Keep in mind that when running offline, cellDex download will fail, hence, make sure you provide an already comressed celldex reference in the sample sheet, or download the references beforehand and provide their paths in the sample sheet.

HPC profiles (SUPR NAISS Sweden only)

pdc_kth profile for PDC Dardel cluster uppmax profile for UPPMAX cluster including auto-detect for miarka, pelle, snowy and rackham queues.

Now also includes expected time requirements for each process, so that jobs are submitted with reasonable time limits.

If you are running the pipeline on these HPC clusters, you can use the specific profile. These profiles are configured to use Singularity containers and has specific settings for the HPC environments. Profiles originally written by Pontus Freyhult (@pontus) and adapted for the pipeline by Aditya Singh (@addityea).
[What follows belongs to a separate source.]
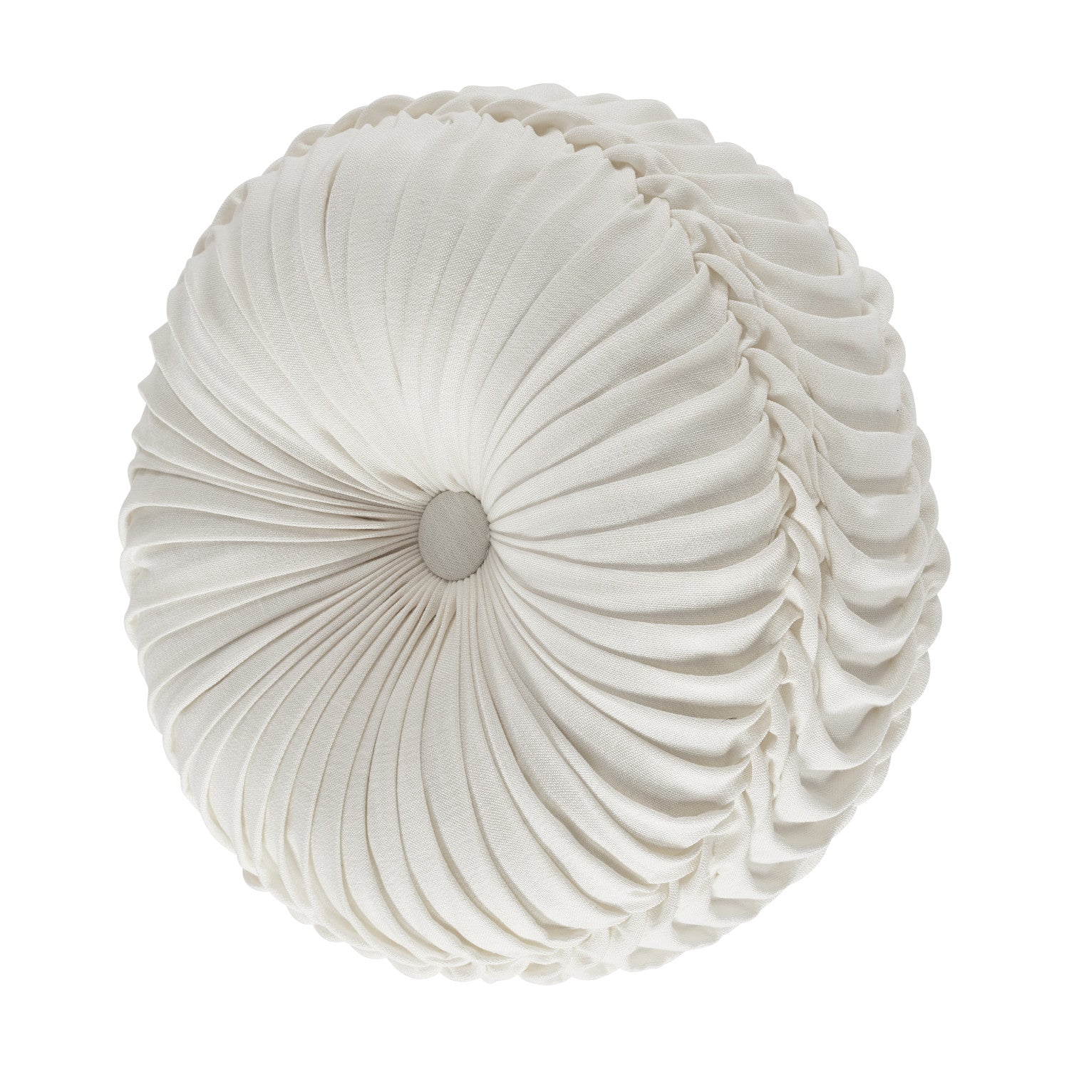 The tufted round pillow uses white colored faux linen to create a one of a kind accent to this bedding ensemble. These unique pillows are sewn by hand and are finished with a fabric-covered button on both sides.

Extra note: The Singularity images need to run using the singularity run insted of now default singularity exec command, hence, either run this command before running the pipeline:

export NXF_SINGULARITY_RUN_COMMAND=run

Usage

Run the pipeline with the following command:

nextflow run main.nf --samplesheet <sample sheet> -resume  

You may customise the pipeline by modifying the nextflow.config file or by passing additional parameters in the command line. There are some profiles available for different environments:

  • 'local' for running on a local machine
  • 'docker' for running with Docker
  • 'arm' for specific flags for ARM architecture
  • 'apptainer' for running with Apptainer
  • 'UPPMAX' for running on UPPMAX cluster
  • 'pdc_kth' for running on PDC KTH cluster

Parameters

The pipeline accepts the following parameters, which can be customized to suit your analysis needs:

  • --sampleSheet: Path to the sample sheet file. (Default: null)
  • --outdir: Directory where output files will be saved. (Default: results)
  • --cpus: Number of threads to use for computation. (Default: 14)
  • --account: UPPMAX account to use for job submission. (Default: null)
  • --memory: Amount of memory allocated per process. (Default: 20.GB)
  • --time: Maximum runtime for processes. (Default: 10-00:00:00)
  • --retry: Number of retries for failed processes. (Default: 3)
  • --highMemForks: Maximum number of high-memory forks. (Default: 2)
  • --fatMemForks: Maximum number of fat-memory forks. (Default: 1)
  • --clust_method: Clustering method to use. (Default: louvain)
  • --clust_res: Comma-separated clustering resolution values. (Default: 0.5,0.6,0.7)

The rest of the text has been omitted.